Une exposition polyphonique, une immersion sensorielle
Ce n’est pas une expo, c’est une traversée. Organisée autour de cinq grands mouvements — musique de l’intime, connexions espace-temps, l’appel des ancêtres, vibrer dans un paysage sonore et Imbizo — Afrosonica nous convie à déplacer notre regard pour écouter autrement. Lamellophones, harpes, tambours et rhombes ne sont pas figés dans des vitrines : ils reprennent vie. On entend le souffle des griots, la pulsation des rituels vodoun, la ferveur des femmes du debaa, les archives d’un chant initiatique béninois enregistré en 1969… et réactivé en 2023. Les objets sortent du silence muséal. Ils deviennent des corps sonores. Des porteurs de mémoire. Afrosonica déconstruit les dichotomies : oralité/écriture, sacré/populaire, Afrique/Occident.
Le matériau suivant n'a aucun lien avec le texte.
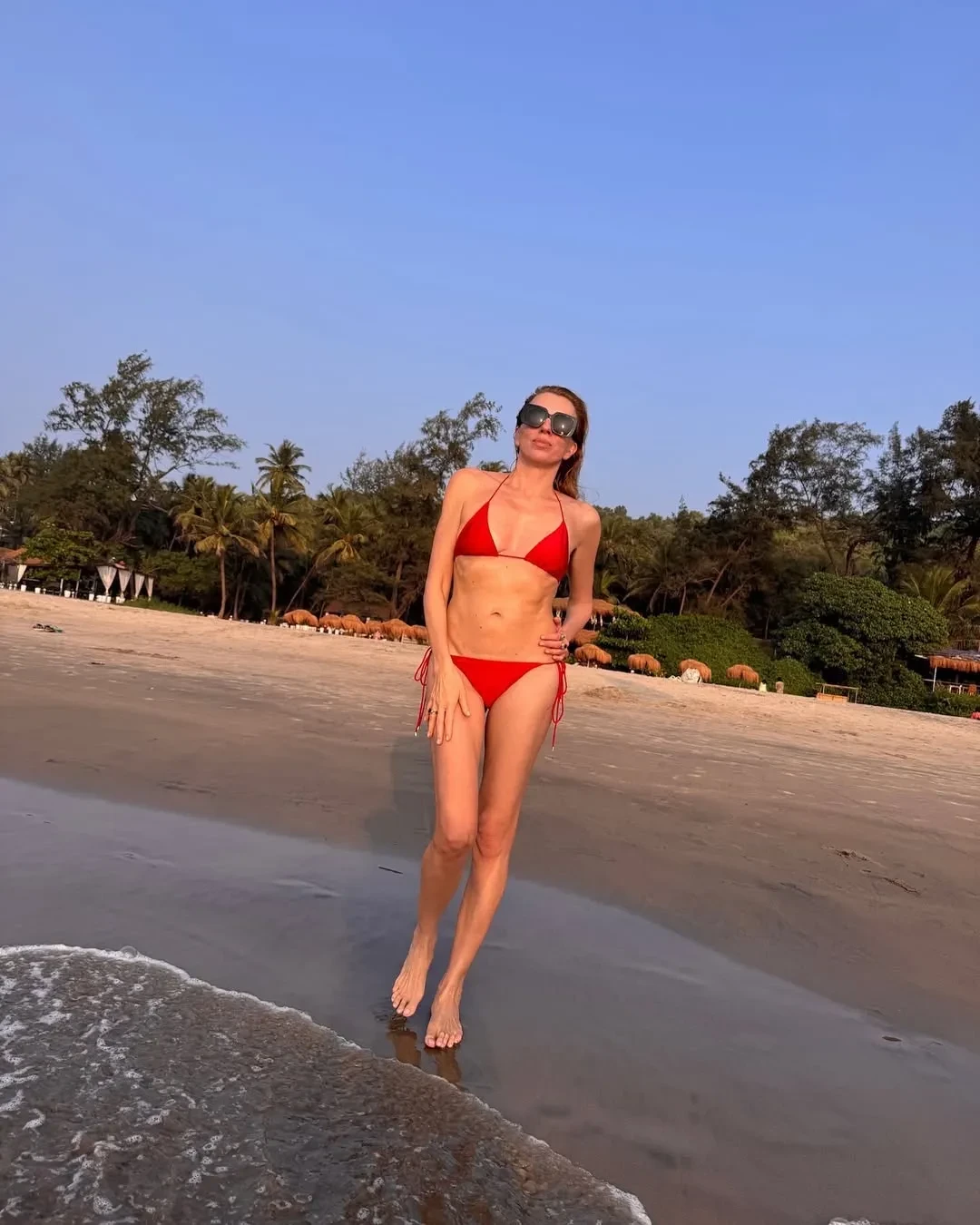 57-летняя Светлана Бондарчук снялась в красном бикини на пляже

Elle honore les rythmes oubliés, réanime les voix étouffées, et embrasse les bruits du monde comme une langue-mère.

Les musiciens Etienne Ngbozo (lamellophone sanzi) et Arone Singa (hochets soko), République centrafricaine, pays Gbaya, Ndongué Photographie de Vincent Dehoux (1977)
Rituels, résistances et réinventions
L’exposition s’ouvre comme une partition vibrante, où l’on entend autant les instruments que leurs silences passés, leurs stigmates de colonisation, leurs cicatrices de vitrine. Le son y est rituel, bien sûr, mais aussi politique. Il a survécu aux traversées, aux censures, aux archives poussiéreuses. Il circule, se transforme, revient. Il dit les exils, les résistances, les sororités sonores et les dialogues impossibles. Il pose cette question : que peut un monde qui écoute, vraiment ?
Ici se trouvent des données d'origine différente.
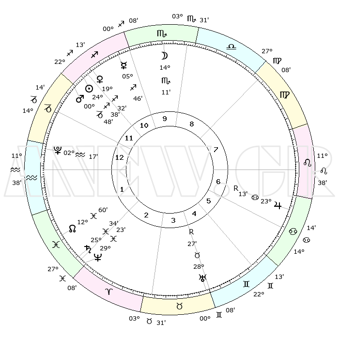 | | ΘΕΣΕΙΣ ΠΛΑΝΗΤΩΝ ΑΣΤΡΟΛΟΓΙΚΟΥ ΧΑΡΤΗ ΤΗΣ ΣΤΙΓΜΗΣ ΑΥΤΗΣ | | | | Πλανήτης | Ζώδιο | Μοίρες | Δεκαήμ. | Σε οίκο | Απόκλιση | | Ακμές των οίκων | | Ηλιος | Τοξότης | 24°04' | Τρίτο | 5 | 23 S 18 | | 1ος | 15°11' | Λέων | | Σελήνη | Σκορπιός | 07°31' | Πρώτο | 4 | 17 S 53 | | 2ος | 07°30' | Παρθένος | | Ερμής | Τοξότης | 05°00' | Πρώτο | 4 | 19 S 43 | | 3ος | 04°34' | Ζυγός | | Αφροδίτη | Τοξότης | 18°49' | Δεύτερο | 5 | 22 S 50 | | 4ος | 06°59' | Σκορπιός | | Αρης | Αιγόκερως | 00°22' | Πρώτο | 5 | 24 S 13 | | 5ος | 12°15' | Τοξότης | | Δίας | Καρκίνος | 23°17'R | Τρίτο | 12 | 21 N 37 | | 6ος | 15°43' | Αιγόκερως | | Κρόνος | Ιχθείς | 25°33' | Τρίτο | 8 | 03 S 53 | | 7ος | 15°11' | Υδροχόος | | Ουρανός | Ταύρος | 28°28'R | Τρίτο | 10 | 19 N 37 | | 8ος | 07°30' | Ιχθείς | | Ποσειδώνας | Ιχθείς | 29°23' | Τρίτο | 8 | 01 S 29 | | 9ος | 04°34' | Κριός | | Πλούτωνας | Υδροχόος | 02°16' | Πρώτο | 6 | 23 S 19 | | 10ος | 06°59' | Ταύρος | | Β. Δεσμός | Ιχθείς | 13°02' | Δεύτερο | 8 | 06 S 40 | | 11ος | 12°15' | Δίδυμοι | | Ωροσκόπος | Λέων | 15°11' | Δεύτερο | | | 12ος | 15°43' | Καρκίνος | | Μεσουράνημα | Ταύρος | 06°59' | Πρώτο | | | |
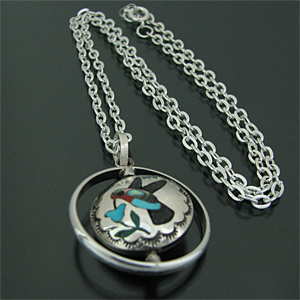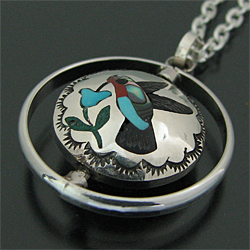 ズニ族 Quinton Quam サークル マルチストーン フラットインレイ ハチドリ カージナル リバーシブル ネックレス

Ainsi, Afrosonica déconstruit les hiérarchies entre tradition et modernité. Ici, les danses masquées dialoguent avec le spoken word, les lithophones préhistoriques croisent les nappes électroniques de Midori Takada qui fait dialoguer des hochets anciens avec un synthé contemporain : un hommage sensible au vivant et au réenchantement. Tarek Atoui, artiste libanais, compose des installations immersives où le son devient matière physique. Sonia Boyce, pionnière britannique, réinvente les archives vocales noires par la performance. Mo Laudi, co-commissaire de l’expo, croise les beats des townships et la philosophie panafricaine dans une esthétique globale. DJ Lynnée Denise, DJ-chercheuse, active la mémoire diasporique à coups de mix narratif. KMRU, figure de la scène ambient kenyane, invite à une écoute lente du monde. Elsa M’Bala, Camerounaise et sorcière numérique, transforme la voix en rituel connecté. Tous ses créateurs venant d’Afrique, de ses diasporas et d’ailleurs composent, décomposent, samplent, invoquent. Ils parlent à l’oreille, au cœur et parfois à l’invisible. Ils travaillent la mémoire comme on mixe un morceau : en couches, en textures, en émotions. Chacun apporte sa vibration, son héritage, son futur. Ils rendent au son sa densité politique, son pouvoir chamanique, sa force de lien.

Midori Takada durant l’enregistrement de la création sonore Mémoire d’arbres, avec le xylophone sénoufo des collections du MEG, Genève, Hush Sound Studio. 11 mars 2024 / Photographie de Chiara Cosenza
Imbizo : faire corps, faire lien
À la fin du parcours, le visiteur est invité dans l’espace Imbizo, lieu inspiré d’un rituel zoulou collectif et réinterprété ici comme laboratoire d’hospitalité radicale. On y débat, on y écoute, on y désapprend. C’est un espace politique où les sons sont traités comme des forces vives, non comme des curiosités ethnographiques. Ce n’est plus un musée. C’est une agora sonore. Une chambre d’écho où les récits s’entrelacent, où les voix ancestrales rencontrent les artistes, poètes, DJs, chercheurs, passeurs de sons d’aujourd’hui pour composer une autre mémoire. Une mémoire vibrante, vivante, et profondément actuelle.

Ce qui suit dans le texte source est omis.